[Stored items]
···
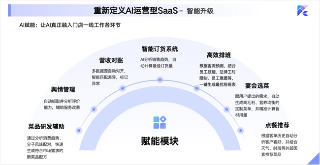 “運(yùn)營型SaaS”而非“工具型SaaS”:不僅提供軟件,更將行業(yè)Know-How(如連鎖管理經(jīng)驗(yàn)、供應(yīng)鏈最佳實(shí)踐)沉淀為產(chǎn)品功能,讓餐飲系統(tǒng)成為品牌的“運(yùn)營方法論載體”,幫助企業(yè)管理團(tuán)隊(duì)“穿越生命周期”。
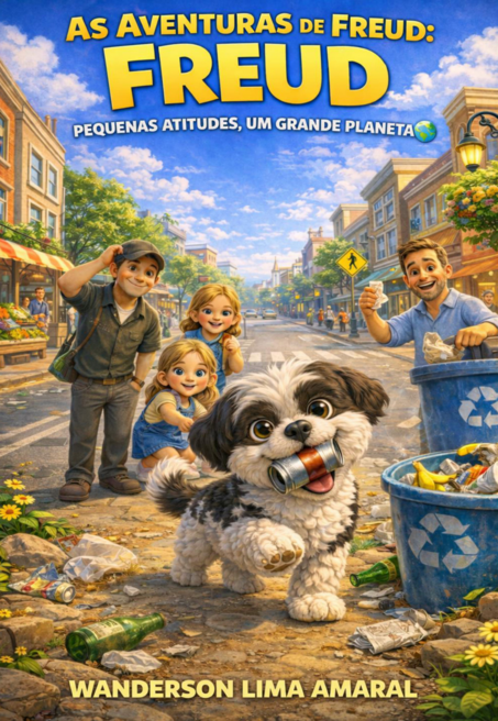FREUD É UM CÃOZINHO ATENTO E MUITO ESPECIAL. ELE NÃO SABE FALAR COM PALAVRAS, MAS SABE ENSINAR COM ATITUDES. EM SEUS PASSEIOS PELA RUA, PELO BAIRRO E PELA NATUREZA, FREUD ENCONTRA PESSOAS QUE, SEM PERCEBER, ACABAM PREJUDICANDO O PLANETA. COM CARINHO, CORAGEM E MUITA ESPERTEZA, ELE MOSTRA QUE CADA PEQUENA AÇÃO FAZ DIFERENÇA: JOGAR O LIXO NO LUGAR CERTO, CUIDAR DAS PLANTAS, ECONOMIZAR ÁGUA E PROTEGER A NATUREZA. UMA HISTÓRIA DOCE E EDUCATIVA QUE ENSINA ÀS CRIANÇAS QUE CUIDAR DO PLANETA COMEÇA COM PEQUENAS ATITUDES — E QUE ATÉ UM CÃOZINHO PODE FAZER UMA GRANDE DIFERENÇA.
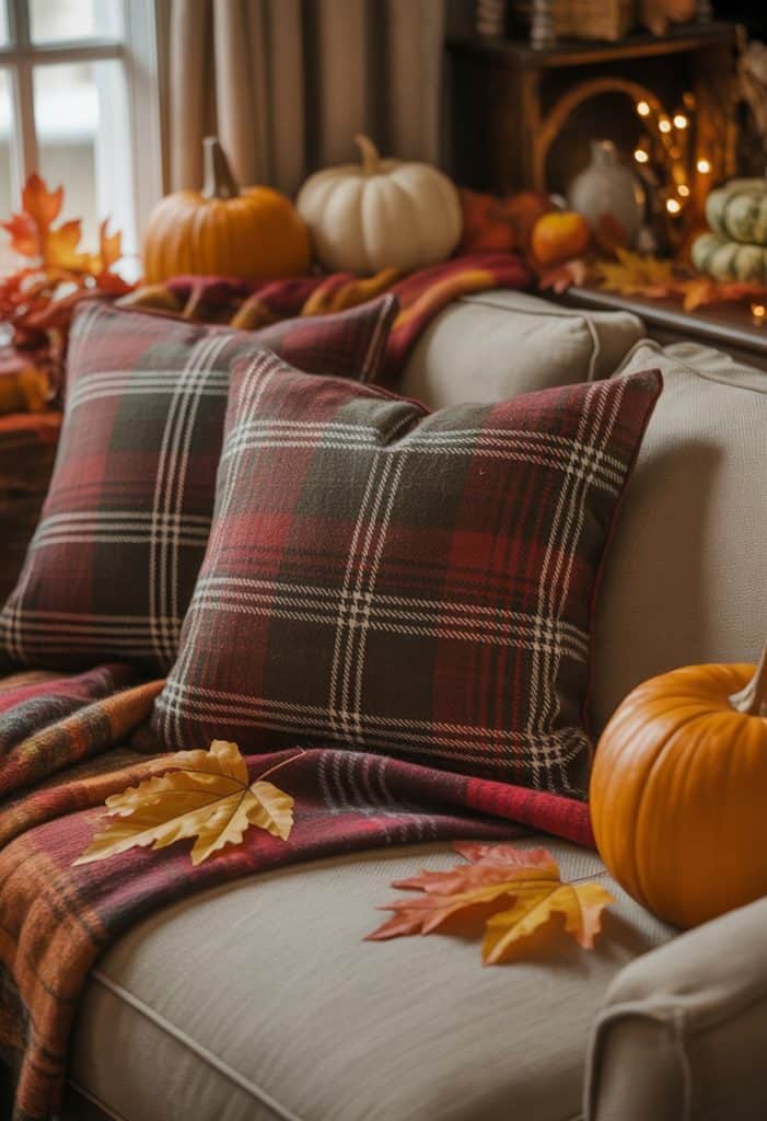 Plaid pillows in deep reds and browns instantly warm up any space. Those classic patterns just feel right this time of year.
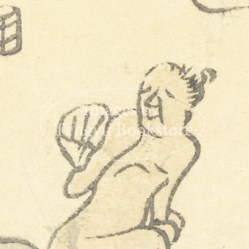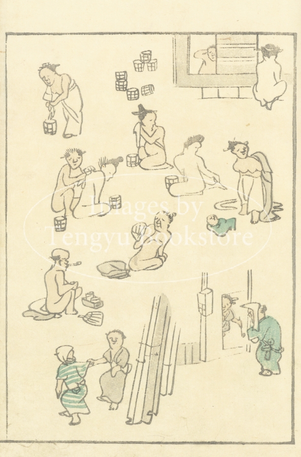 様々な状況の人物をデフォルメした略画を全ページに配した愛らしい画集であるとともに、江戸時代人の仕草の記録でもある興味深い一冊。
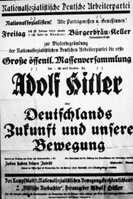 Plakat der NSDAP "Deutschlands Zukunft und unsere Bewegung", Ankündigung einer Versammlung in München zur Neugründung der Partei am 27. Februar 1925. (Bayerische Staatsbibliothek, Bildarchiv hoff-6498)
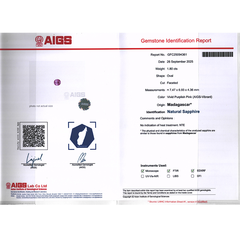 1.80克拉AIGS无烧紫粉色蓝宝石
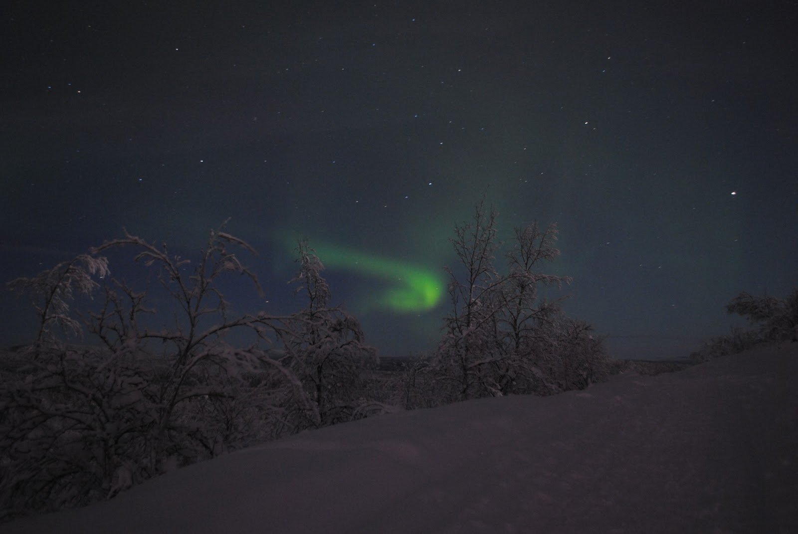 最後の夜にやっと観測することのできた、奇跡的且つ神秘的なオーロラ。今までに味わったことのないような、とっても穏やかなひとときを楽しむことができました。
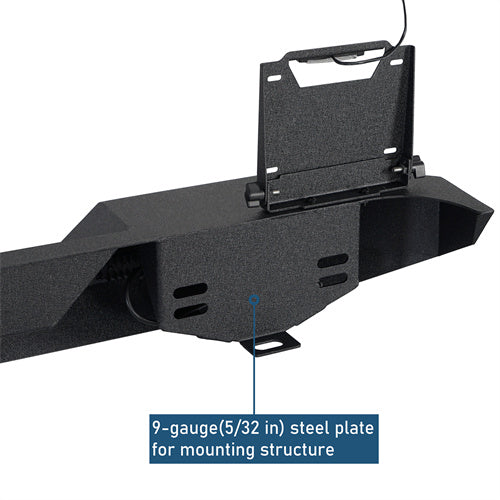 Heavy-Duty Construction. Constructed from heavy-duty, high tensile 11-gauge (1/8 inch) steel for the main body and reinforced with 9-gauge (5/32 inch) steel for the mounting structure, the Classic Rear Bumper is built to withstand difficult off-road conditions. It features a textured black powder coat finish for added durability and corrosion resistance, while the premium E-coating process inside provides long-lasting protection against rust and the elements.
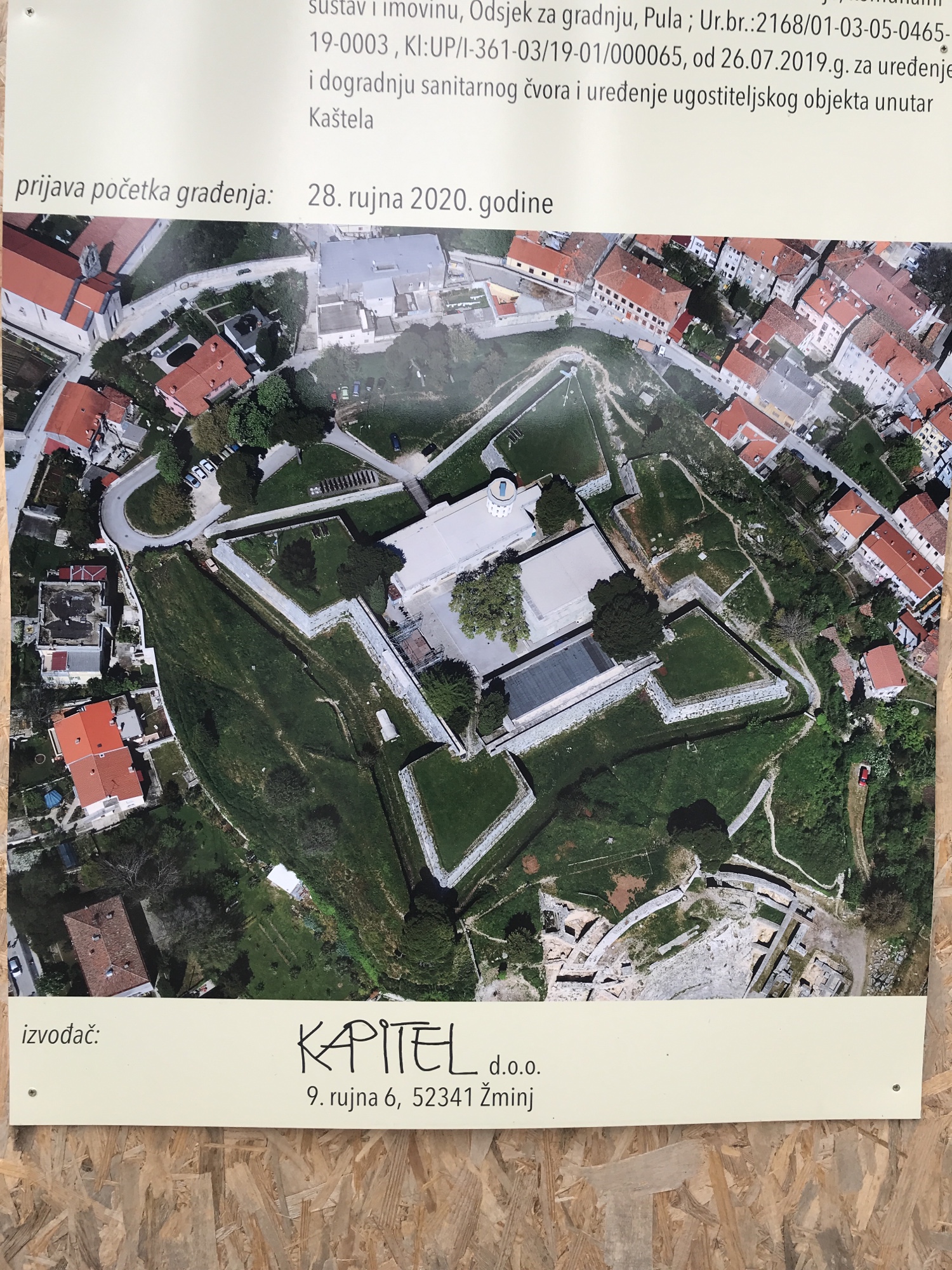 Nach einer Stunde Fahrt über die Küstenlandstraße erreichen wir den Ortskern und haben das Glück direkt am Amphitheater einen Parkplatz zu finden. Da ich nicht im Besitz von genügend Kleingeld bin wird das Parkticket ziemlich umständlich per Handy gekauft. Nach dem Bezahlvorgang (75 Kuna) fällt mir ein Tippfehler im Kennzeichen auf. Naja wird schon nichts passieren, man muss ja auch den Fahrzeugtyp und Farbe angeben…
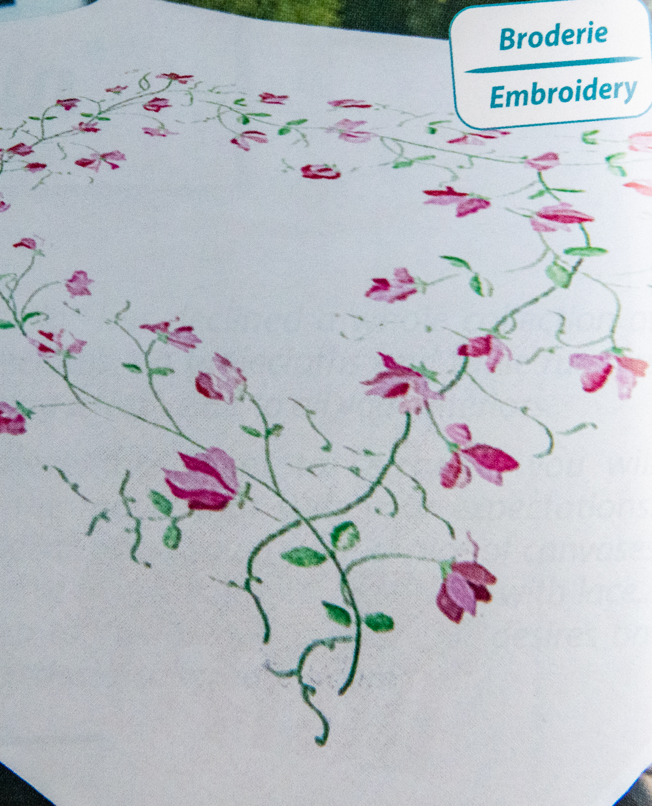 Les points utilisés sont le point de tige, le point de feston et le passé plat.
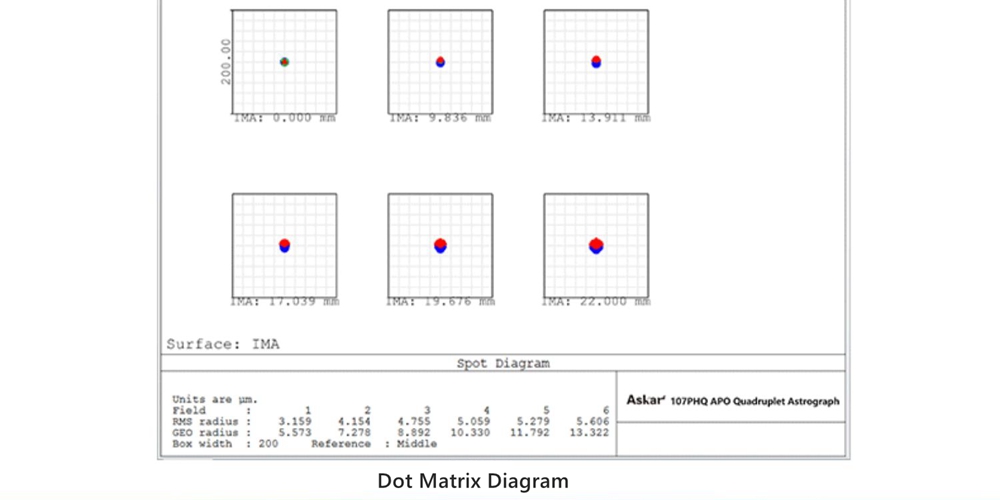 - Due to its flat field design, 107PHQ has strong advantages in astronomical photography. It not only supports full-frame digital SLR 44mm image circle, but also has minimal deformation of surrounding stars. The RMS radius of the central star point in the field of view is only about 3 microns, and the stars are delicate, which can meet the strict requirements of experienced players for stars. The overall image field is very flat, and the surrounding dimming is also excellent.
···
• **Task details**: When you find the line that contains "Heavy-Duty Construction. Constructed", retype it and every line after it through the end of the data above, exactly, with no pictures.

• **Written solution**:
 Heavy-Duty Construction. Constructed from heavy-duty, high tensile 11-gauge (1/8 inch) steel for the main body and reinforced with 9-gauge (5/32 inch) steel for the mounting structure, the Classic Rear Bumper is built to withstand difficult off-road conditions. It features a textured black powder coat finish for added durability and corrosion resistance, while the premium E-coating process inside provides long-lasting protection against rust and the elements.
 Nach einer Stunde Fahrt über die Küstenlandstraße erreichen wir den Ortskern und haben das Glück direkt am Amphitheater einen Parkplatz zu finden. Da ich nicht im Besitz von genügend Kleingeld bin wird das Parkticket ziemlich umständlich per Handy gekauft. Nach dem Bezahlvorgang (75 Kuna) fällt mir ein Tippfehler im Kennzeichen auf. Naja wird schon nichts passieren, man muss ja auch den Fahrzeugtyp und Farbe angeben…
 Les points utilisés sont le point de tige, le point de feston et le passé plat.
 - Due to its flat field design, 107PHQ has strong advantages in astronomical photography. It not only supports full-frame digital SLR 44mm image circle, but also has minimal deformation of surrounding stars. The RMS radius of the central star point in the field of view is only about 3 microns, and the stars are delicate, which can meet the strict requirements of experienced players for stars. The overall image field is very flat, and the surrounding dimming is also excellent.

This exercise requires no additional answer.